We need proper studies, the panel concluded, on the health effects of cannabis on children and teenagers and pregnant women and breast-feeding mothers and “older populations” and “heavy cannabis users”; in other words, on everyone except the college student who smokes a joint once a month.

The panel also called for investigation into “the pharmacokinetic and pharmacodynamic properties of cannabis, modes of delivery, different concentrations, in various populations, including the dose-response relationships of cannabis and THC or other cannabinoids.”

Figuring out the “dose-response relationship” of a new compound is something a pharmaceutical company does from the start of trials in human subjects, as it prepares a new drug application for the Food and Drug Administration.

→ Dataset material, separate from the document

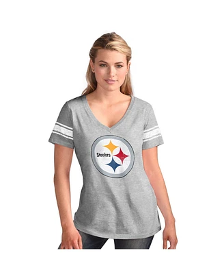 G-iii 4Her by Carl Banks Women's Heather Gray Minnesota Vikings First Pick Distressed V-Neck T-Shirt

Too little of a powerful drug means that it won’t work. Too much means that it might do more harm than good. The amount of active ingredient in a pill and the metabolic path that the ingredient takes after it enters your body – these are things that drug makers will have painstakingly mapped out before the product comes on the market, with a tractor-trailer full of supporting documentation.

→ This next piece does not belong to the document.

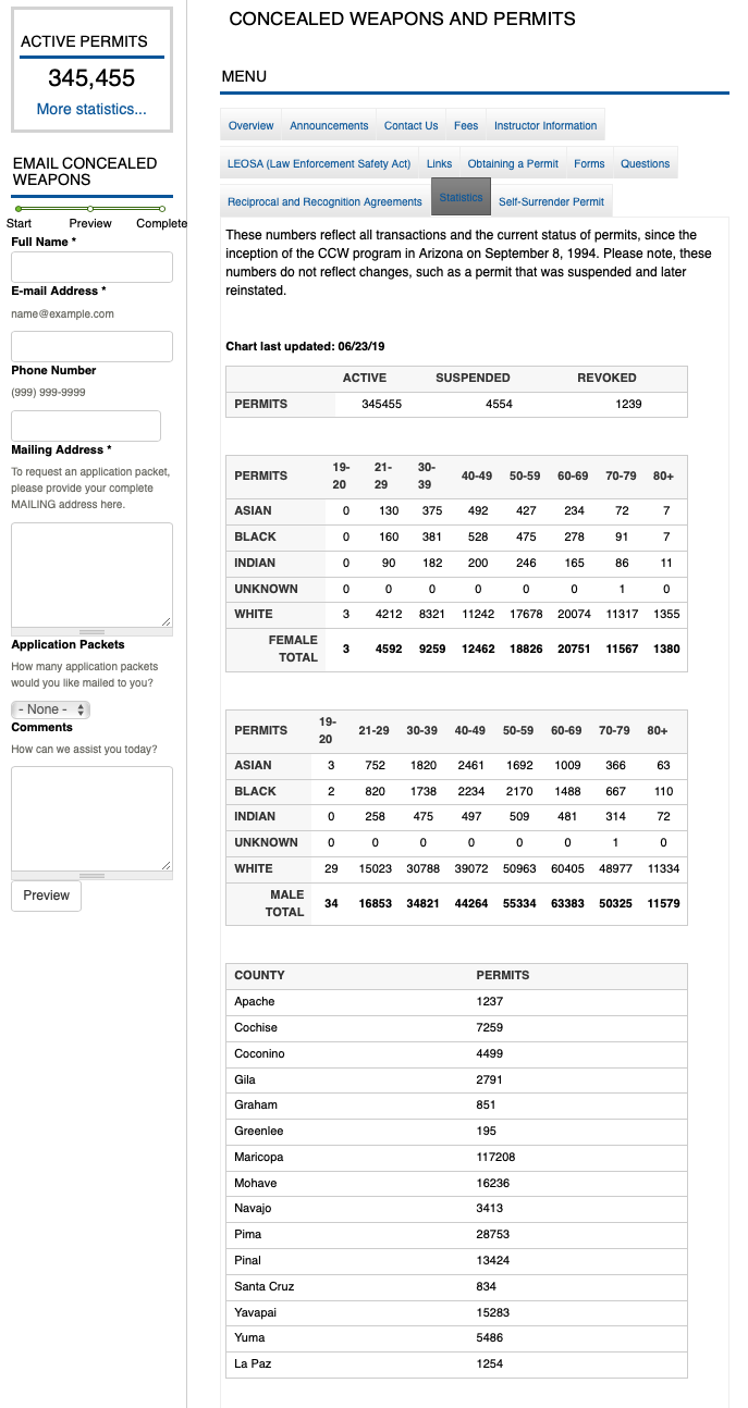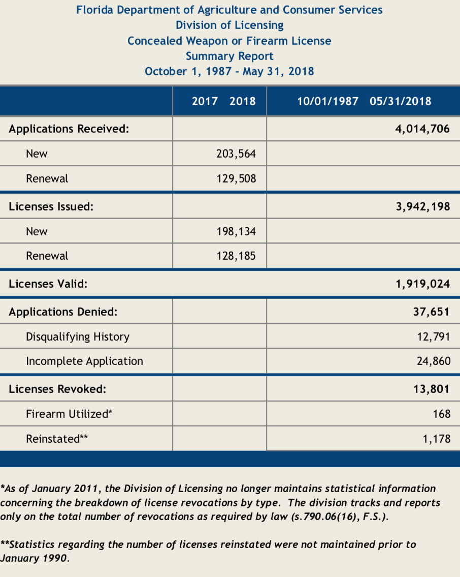 Florida: had 1,919,024 on May 31, 2018 and that increased to 2,010,869 by May 31, 2019. Revocation of permits in Florida is available here(07012018_06302019_cw_annual). Florida demographics available here.

With marijuana, apparently, we’re still waiting for this information. It’s hard to study a substance that until very recently has been almost universally illegal. And the few studies we do have were done mostly in the 1980s, when cannabis was not nearly as potent as it is now.

Because of recent developments in plant breeding and growing techniques, the typical concentration of THC, the psychoactive ingredient in marijuana, has gone from the low single digits to more than twenty per cent – from a swig of near-beer to a tequila shot.

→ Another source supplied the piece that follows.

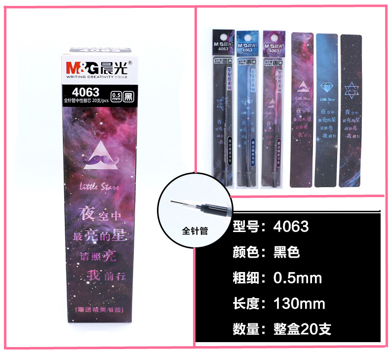 Morning light 4063 star control 0 5mm signature pen core Water-based pen refill for the core black 20-piece box full needle tube universal refill cute super cute refill for the core exam refill send bookmark

Are users smoking less, to compensate for the drug’s new potency? Or simply getting more stoned, more quickly? Is high-potency cannabis more of a problem for younger users or for older ones?

For some drugs, the dose-response curve is linear: twice the dose creates twice the effect. For other drugs, it’s nonlinear: twice the dose can increase the effect tenfold, or hardly at all. Which is true for cannabis? It also matters, of course, how cannabis is consumed. It can be smoked, vaped, eaten, or applied to the skin. How are absorption patterns affected?

Last May, not long before Canada legalized the recreational use of marijuana, Beau Kilmer, a drug-policy expert with the rand Corporation, testified before the Canadian Parliament. He warned that the fastest-growing segment of the legal market in Washington State was extracts for inhalation, and that the mean THC concentration for those products was more than sixty-five per cent.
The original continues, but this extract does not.